HealthSLM-Bench: Benchmarking Small Language Models for Mobile and Wearable Healthcare Monitoring
- URL: http://arxiv.org/abs/2509.07260v4
- Date: Tue, 30 Sep 2025 12:04:14 GMT
- Title: HealthSLM-Bench: Benchmarking Small Language Models for Mobile and Wearable Healthcare Monitoring
- Authors: Xin Wang, Ting Dang, Xinyu Zhang, Vassilis Kostakos, Michael J. Witbrock, Hong Jia,
- Abstract summary: Small Language Models (SLMs) are lightweight and designed to run locally and efficiently on mobile and wearable devices.<n>We evaluate SLMs on health prediction tasks using zero-shot, few-shot, and instruction fine-tuning approaches.<n>Our results show that SLMs can achieve performance comparable to large language models while offering substantial gains in efficiency and privacy.
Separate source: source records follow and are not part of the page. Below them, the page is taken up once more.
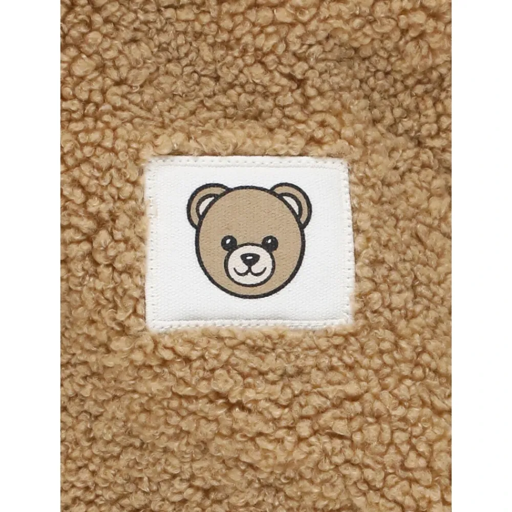 Bleiben Sie mit diesem beigen Moschino Baby Bouclé-Sweatshirt für Jungen stilvoll und gemütlich. Mit Kapuze, langen Ärmeln, Frontreißverschluss, zwei vorderen Schlitztaschen und einem Logo-Patch vorne.
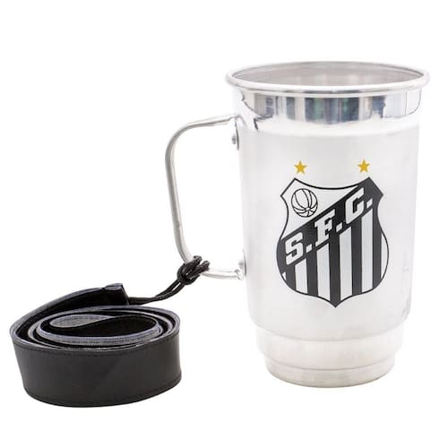 Altura: 14,5 cm Largura: 9 cm Capacidade: 700 ml Material: Alumínio e PU Conteúdo: 1 caneco de chopp e 1 tirante
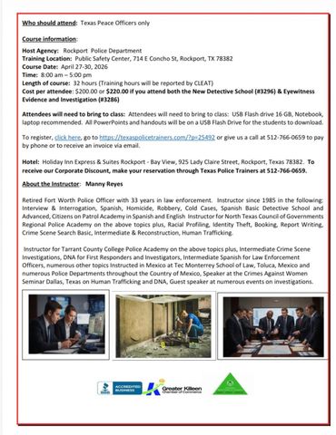 Do you have an upcoming training to promote, but don't know where to go? Contact us via email at: wjs803@yahoo.com. Be sure to send us all of the relevant information about the course, date, time, location, as well as any jpgs.

- Score: 18.403597949089317
- License: http://creativecommons.org/licenses/by/4.0/
- Abstract: Mobile and wearable healthcare monitoring play a vital role in facilitating timely interventions, managing chronic health conditions, and ultimately improving individuals' quality of life. Previous studies on large language models (LLMs) have highlighted their impressive generalization abilities and effectiveness in healthcare prediction tasks. However, most LLM-based healthcare solutions are cloud-based, which raises significant privacy concerns and results in increased memory usage and latency. To address these challenges, there is growing interest in compact models, Small Language Models (SLMs), which are lightweight and designed to run locally and efficiently on mobile and wearable devices. Nevertheless, how well these models perform in healthcare prediction remains largely unexplored. We systematically evaluated SLMs on health prediction tasks using zero-shot, few-shot, and instruction fine-tuning approaches, and deployed the best performing fine-tuned SLMs on mobile devices to evaluate their real-world efficiency and predictive performance in practical healthcare scenarios. Our results show that SLMs can achieve performance comparable to LLMs while offering substantial gains in efficiency and privacy. However, challenges remain, particularly in handling class imbalance and few-shot scenarios. These findings highlight SLMs, though imperfect in their current form, as a promising solution for next-generation, privacy-preserving healthcare monitoring.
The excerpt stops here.